Understanding MPEG-2 Compression
  February 6, 2001

Why Compression?

Video compression basically means using fewer bits to store and transmit digital video information. The data-rate of uncompressed "studio quality" digital video (ITU-R BT.601-5) is upwards of 100 Megabits per second, which vastly exceeds the speed at which a DVD player can retrieve video information from a disc (9.8 mbps). Storing a two hour program at this rate takes over 90 Gigabytes, while the storage capacity of DVD ranges from 4.7 to 17 GB. The answer to this dilemma is MPEG compression. DVD-Video supports both MPEG-1 (also used for Video CD in Asia) and MPEG-2. MPEG-2 is universally regarded as yielding higher image quality, and is the norm for most DVD-Video titles.

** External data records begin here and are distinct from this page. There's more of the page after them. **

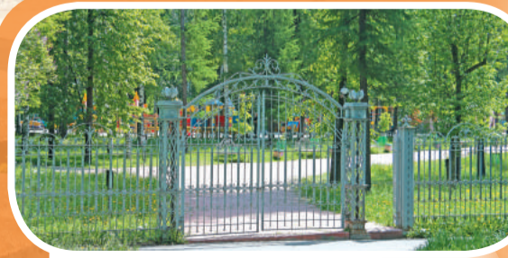
Входная группа ПКиО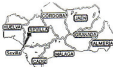
Art 137: El Estado se organiza territorialmente en municipios, provincias y _____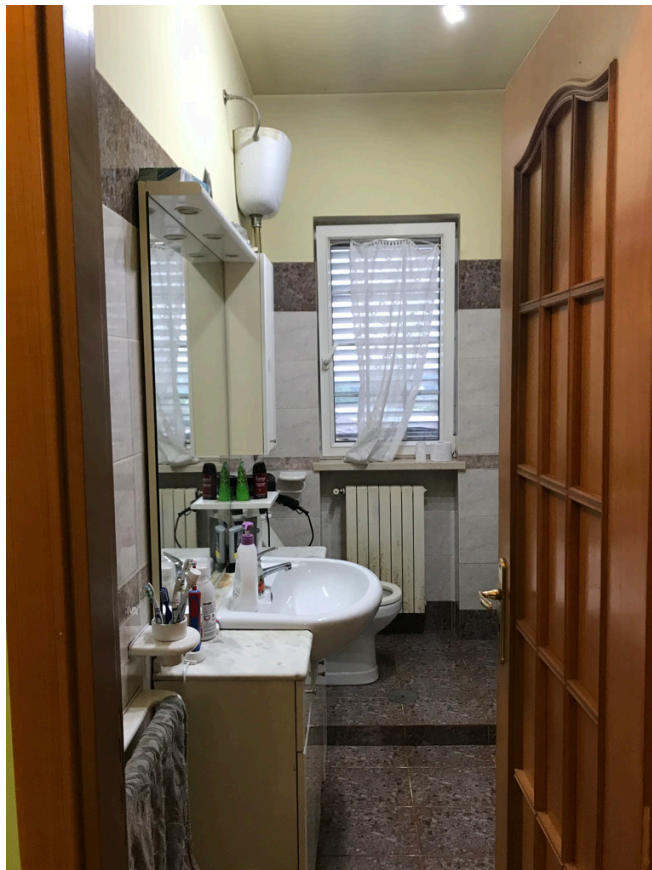
Unità piano primo - Bagno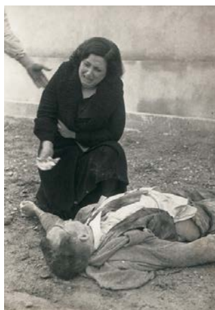
Mater dolorosa, Centelles.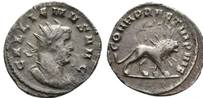
Fig. 1: Antoniniano proveniente de The Digital Coin Cabinet of Eichstätt University 135 (de https://numid.ku.de/object?id=ID141 ).

entre sus patas, asociado, como hemos visto, a Hércules (1 tipo) 42 , a las legiones IV, VII y IX (5 tipos diferentes) 43 , a las cohortes pretorianas VI y VII (3 tipos) 44 , a unas titulaturas imperiales concretas (4 tipos) 45 y a las iniciales S P Q R (1 solo tipo) 46 (Fig. 1).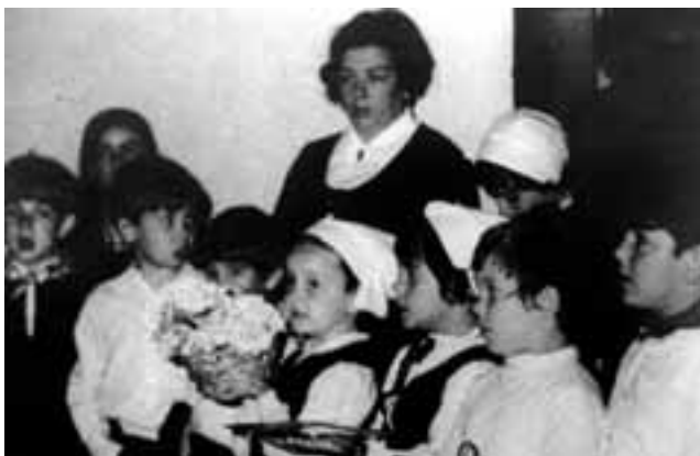
Ikastolako besta-egun batean

Gaitzak ere batzuetan bata bestearen atzetik etortzen baitira, unerik larrienean Hezkuntza Ministerioaren erantzuna jaso zen Ikastolari legeztapen ofiziala ukatuz, eta berehala itxi egin behar zuela ere aginduz. 1970eko otsaila zen. Nola edo hala, ikasturtea bere tenorean amaitzea lortu zen, baina, tarte horretan, Iruñako Ikastola, zenbait dokumentutan Uxue Ikastola ere deitzen hasia zena, zatitu egin zen. Hainbeste eta hain larriak ziren arazoak eta hain kontrajarriak bateko eta besteko irizpide eta jarrerak, ezen ez baitzen ahal egoerari fundamentuz aurre egiterik. Hurrengo hilabetean, gurasoen batzordearekin ados zeuden gurasoen ume eta andereñoek alde egitea erabaki zuten, eta apirilaren hasieratik, Zizurko Verbo Divino ikastetxean amaitu zuten ikasturtea, San Fermin Ikastola berria sortuz.

One underlying assumption of MPEG-2 compression is that motion pictures contain lots of redundancy, both within each frame and between a series of consecutive frames. Another is that there is some information in each frame that may be discarded without noticeably affecting the way that picture is perceived when played back. MPEG-2 reduces the overall volume of data both by discarding such "un-needed" information and by storing redundant data more efficiently.

To realize these efficiencies, MPEG-2 first performs intra-frame compression, similar to the techniques used in still-image formats such as JPEG. Next comes inter-frame compression, in which a series of adjacent frames are compared, and only the information necessary to describe the differences between successive frames is retained. When the encoded material is played back, a decoder extrapolates from the stored information to re-create a complete set of discrete frames.

The result of the MPEG-2 encoding process is a video stream. The basic unit of the stream is a "Group of Pictures" (GOP), made up of three picture types: I, B, and P. I-pictures (intra) are compressed using intra-frame techniques only, meaning that the information stored is complete enough to decode the frame without reference to any adjacent frames. For B (bi-directional) and P (predictive) pictures, however, only "difference information" (frame-to-frame changes) is stored, which generates much less data. These pictures can only be reconstructed by referring to the I-pictures around them, which is why the different picture types are grouped into GOPs.